EXERCISE BRIEF: In the copy you make, include no pictures, and transcribe every record exactly.

STUDY MATERIAL:
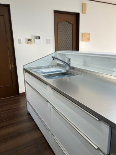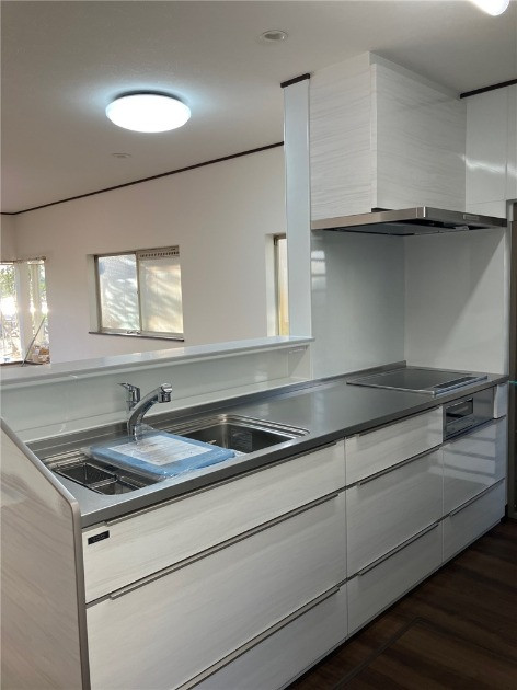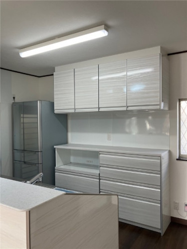 上部の壁付け収納を取ることによりキッチンとリビングが広く感じられ、明るい色のシステムキッチンと食器戸棚でお部屋の印象が明るくなりました。
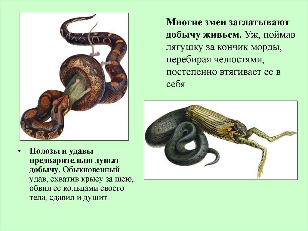 Многие змеи заглатываютдобычу живьем. Уж, поймав
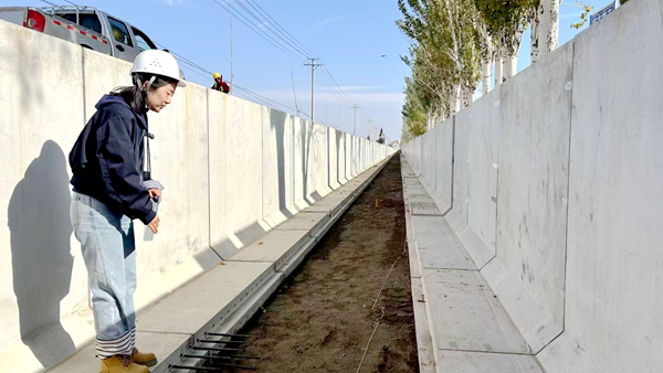 在暖泉渠施工現(xiàn)場,不見傳統(tǒng)工地支模澆筑的泥濘與忙亂,只見大型吊車將規(guī)整劃一的L型混凝土構(gòu)件輕巧地吊裝到位,工人們隨后進行精準拼接,工序流暢,現(xiàn)場整潔?!澳憧?,渠邊這些樹都不用砍伐了。”寧夏水利工程建設(shè)中心規(guī)劃計劃科工作人員鄒璇指著渠邊胸徑20厘米的楊樹介紹,這個“新神器”的應(yīng)用,實現(xiàn)了工程建設(shè)與生態(tài)保護、資源節(jié)約的協(xié)同。它通過工廠化預(yù)制,從源頭上確保了混凝土強度和外型精度,工程質(zhì)量遠勝傳統(tǒng)手工現(xiàn)澆,渠道壽命大幅提高,運行維護費用降低;構(gòu)件提前預(yù)制、現(xiàn)場拼裝,保護渠畔林木,更是將現(xiàn)場工期壓縮了約一半,極大緩解了施工組織壓力。
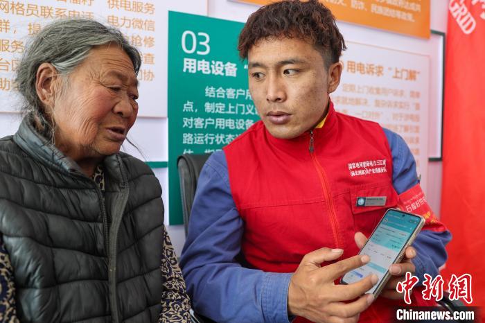 10月17日,在青海省海北藏族自治州剛察縣果洛藏貢麻村,久邁多杰在電力驛站登記便民服務(wù)記錄。中新社記者 薛蒂 攝
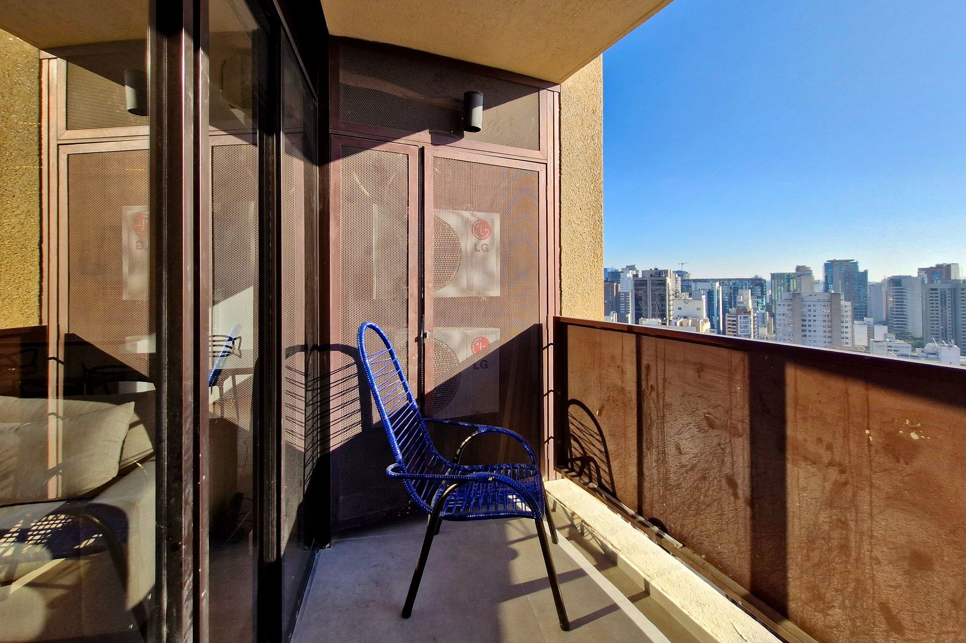A sala é arejada, iluminada, com TV Smart, internet, cozinha americana equipada e uma varanda inspiradora no 21º andar.
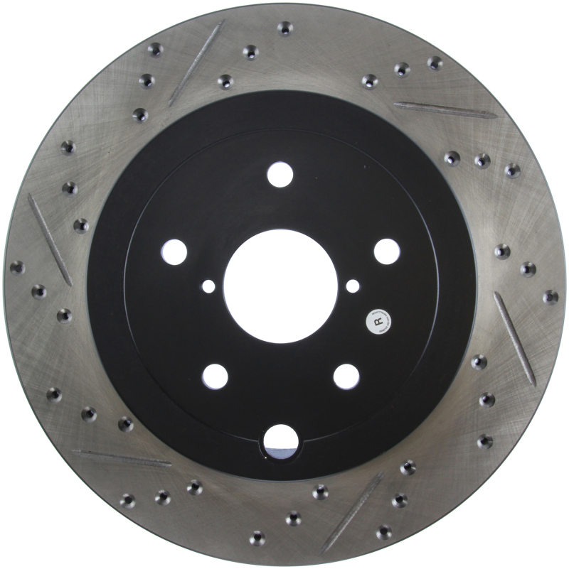 StopTech Drilled and Slotted Sport Rotors are 1-piece direct replacement brake discs for factory brake systems and stock calipers that look great behind your wheels – and offer significantly improved braking performance. The unique cross-drilling and slotting aids with heat and brake dust dispersal; prevents glazing of the pads; adds bite and improves wet and dry braking performance. Built to last; the black e-coating provides protection from corrosion and the high carbon metallurgy (in most applications) offers quieter operation; better crack resistance and increased performance.

RESULT OF THE EXERCISE:
 上部の壁付け収納を取ることによりキッチンとリビングが広く感じられ、明るい色のシステムキッチンと食器戸棚でお部屋の印象が明るくなりました。
 Многие змеи заглатываютдобычу живьем. Уж, поймав
 在暖泉渠施工現(xiàn)場,不見傳統(tǒng)工地支模澆筑的泥濘與忙亂,只見大型吊車將規(guī)整劃一的L型混凝土構(gòu)件輕巧地吊裝到位,工人們隨后進行精準拼接,工序流暢,現(xiàn)場整潔?!澳憧?,渠邊這些樹都不用砍伐了。”寧夏水利工程建設(shè)中心規(guī)劃計劃科工作人員鄒璇指著渠邊胸徑20厘米的楊樹介紹,這個“新神器”的應(yīng)用,實現(xiàn)了工程建設(shè)與生態(tài)保護、資源節(jié)約的協(xié)同。它通過工廠化預(yù)制,從源頭上確保了混凝土強度和外型精度,工程質(zhì)量遠勝傳統(tǒng)手工現(xiàn)澆,渠道壽命大幅提高,運行維護費用降低;構(gòu)件提前預(yù)制、現(xiàn)場拼裝,保護渠畔林木,更是將現(xiàn)場工期壓縮了約一半,極大緩解了施工組織壓力。
 10月17日,在青海省海北藏族自治州剛察縣果洛藏貢麻村,久邁多杰在電力驛站登記便民服務(wù)記錄。中新社記者 薛蒂 攝
A sala é arejada, iluminada, com TV Smart, internet, cozinha americana equipada e uma varanda inspiradora no 21º andar.
 StopTech Drilled and Slotted Sport Rotors are 1-piece direct replacement brake discs for factory brake systems and stock calipers that look great behind your wheels – and offer significantly improved braking performance. The unique cross-drilling and slotting aids with heat and brake dust dispersal; prevents glazing of the pads; adds bite and improves wet and dry braking performance. Built to last; the black e-coating provides protection from corrosion and the high carbon metallurgy (in most applications) offers quieter operation; better crack resistance and increased performance.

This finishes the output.